Personal reflections on the what's important from an evangelical perspective. This blog speaks for no organization. It's just the ruminations of one blogger trying to make sense of the New Reformation times we live in.
Monday, November 28, 2005
Ontario (CA) Daily Bulletin Reports on PSW Churches and the ABC
Denomination dilemma hits churches
By Brad A. Greenberg, Staff Writer
Paula Slagel has no qualms saying goodbye to American Baptist Churches.
Her church, Colton First Baptist, always has been under the leadership of the liberal Baptist denomination, but it's more concerned with the community than polity.
"It's not about a denomination. It's about Jesus," said the 50-year-old Yucaipa woman.
About 300 congregations in California, Nevada and Arizona are part of the more conservative Pacific Southwest Region of the American Baptist Churches USA, which voted in September to leave the denomination over the issue of homosexuality. Most congregations are expected to follow.
But it doesn't seem to be attracting much attention from the people in the pews.
"What is going on with the regional and national organizations has not caught them on the edge of their seats," Pastor Scott Weatherill of First Baptist Church in Chino said of his congregation. "They are more interested in what it means to follow Christ and how they can love one another and serve the community."
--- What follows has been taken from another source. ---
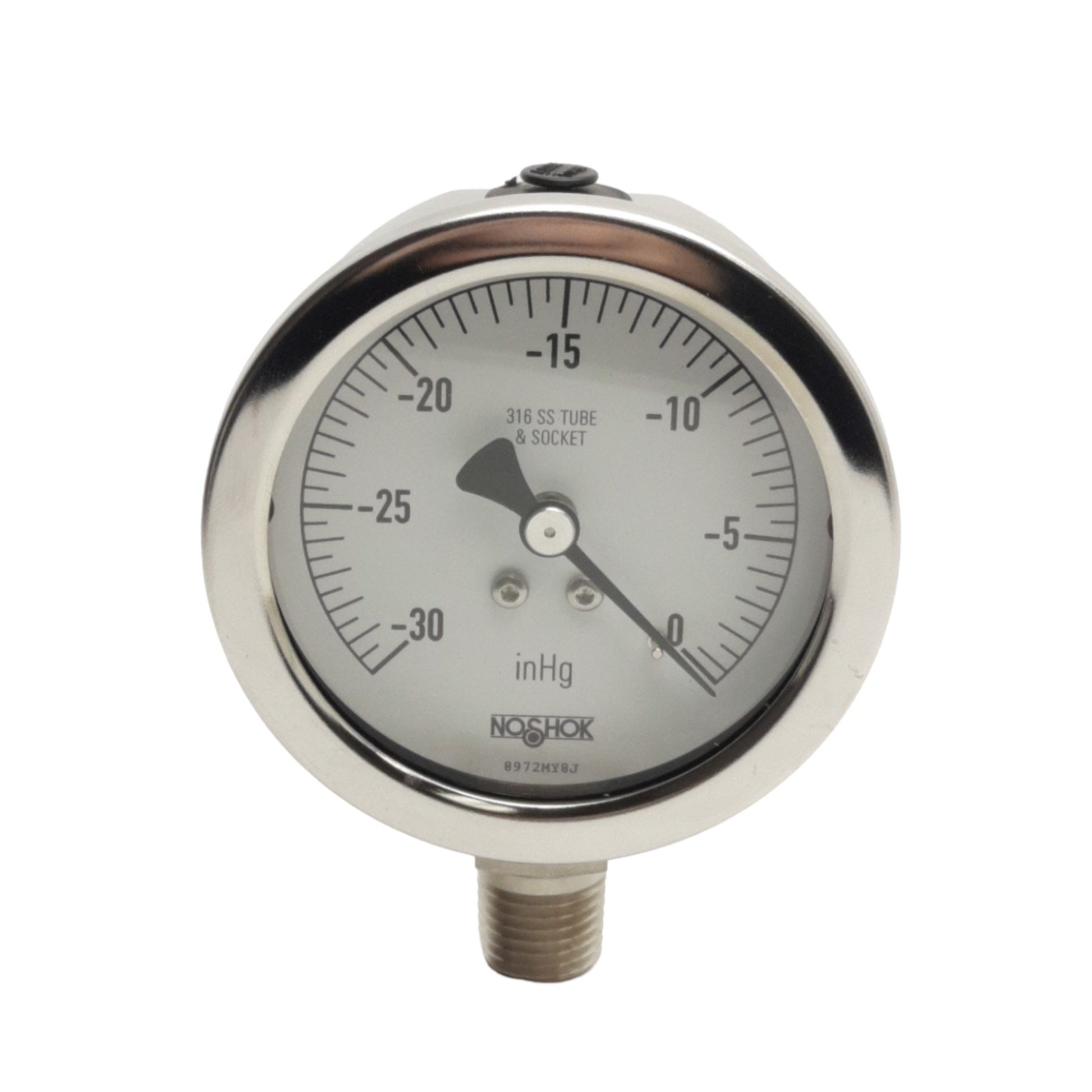 New Noshok 25-400-30Vac-1/4 Pressure Gauge, 2.5" Dial, -30in/Hg, 1/4" NPT Male

Such disinterest in church politics underlines a grander phenomenon: Denominations are dwindling.
"They tend to be hierarchical and controlling," said Eddie Gibbs, professor of church growth at Fuller Theological Seminary in Pasadena. "Whereas the churches that are primarily concerned to be a missional [sic] presence in an increasingly post-secular society, they are not interested in the traditions of the past. They are interested in the problems of the present."
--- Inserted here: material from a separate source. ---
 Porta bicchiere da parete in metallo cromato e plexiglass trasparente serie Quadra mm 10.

Christian researcher George Barna writes in his new book "Revolution" that church walls are rapidly breaking down for about 20 million adult Christians. To these "revolutionaries," church is not a place but a people; it is wherever Christians meet.
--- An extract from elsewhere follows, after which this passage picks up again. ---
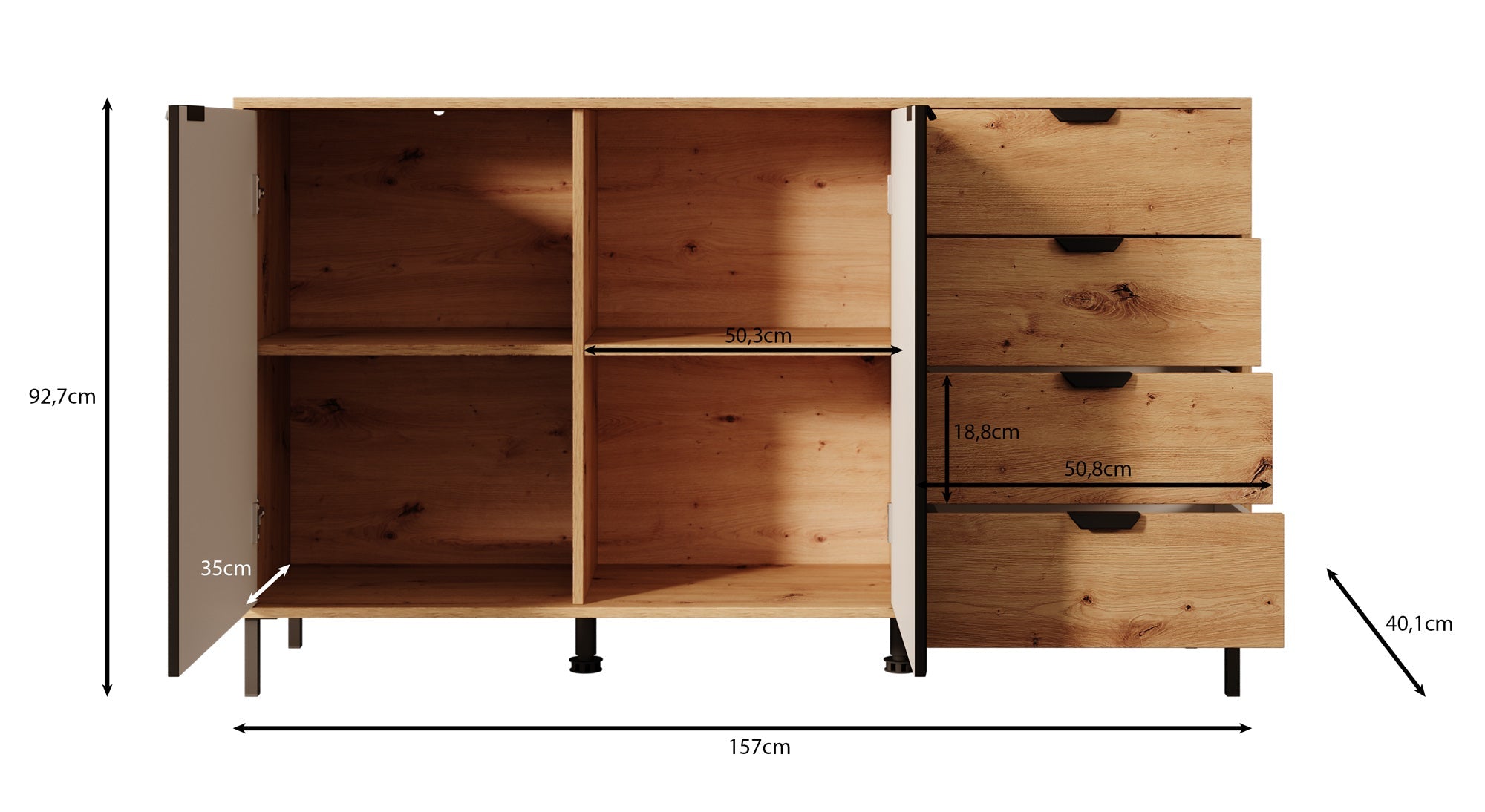 Meubella - Dressoir Vic - Eiken - 157 cm

That's a return to Christianity's roots.
The churches detailed in the New Testament of the Bible - Rome, Corinth, Ephesus - didn't meet in beautiful buildings or report to a hierarchical leadership, Gibbs said. They interpreted the teachings of Jesus and his apostles the best they could, and they responded to the feedback of other Christians, including Paul, the prolific New Testament writer.
"Our church operates so independently of the denomination that people often don't know who we are affiliated with," said the Rev. Dane Aaker, pastor of Colton First Baptist. "We often call ourselves the "Barely Baptist Church.'"
Colton First Baptist's 400 members will decide Dec. 14 whether to leave the 1.5 million-member American Baptist Churches USA.
If it does, the congregation would remain under the guidance of the Pacific Southwest Region. Colton First Baptist also plans to change its name to Centerpoint Church, which according to a letter given to church members Sunday "will be a great reminder that Christ (not a denomination) is the center and the point of our church."
During four services Sunday, Aaker assured churchgoers that "nothing will change here."
Betty Morgan, an 82-year-old greeter, didn't care about the politics. She was just sad to hear the church's name is going to change. It's been the same since it was founded in 1887, and she has attended Colton First Baptist since she was a child.
Other people didn't think the denominational split would affect their church.
The context of the split is a disagreement regarding how the church should deal with homosexuality.
A church resolution states "homosexuality is incompatible with Christian teaching," but the national denomination holds that each church has "soul liberty," which allows them to interpret scripture as they believe correct.
Under soul liberty, liberal churches are ordaining gays and lesbians, and conservative churches are being ruffled.
"We are always seemingly butting up our heads on this issue of soul liberty versus biblical authority," Weatherill said. "Let's move on ... kind of like a Paul and a Barnabas. You minister here and we will minister there."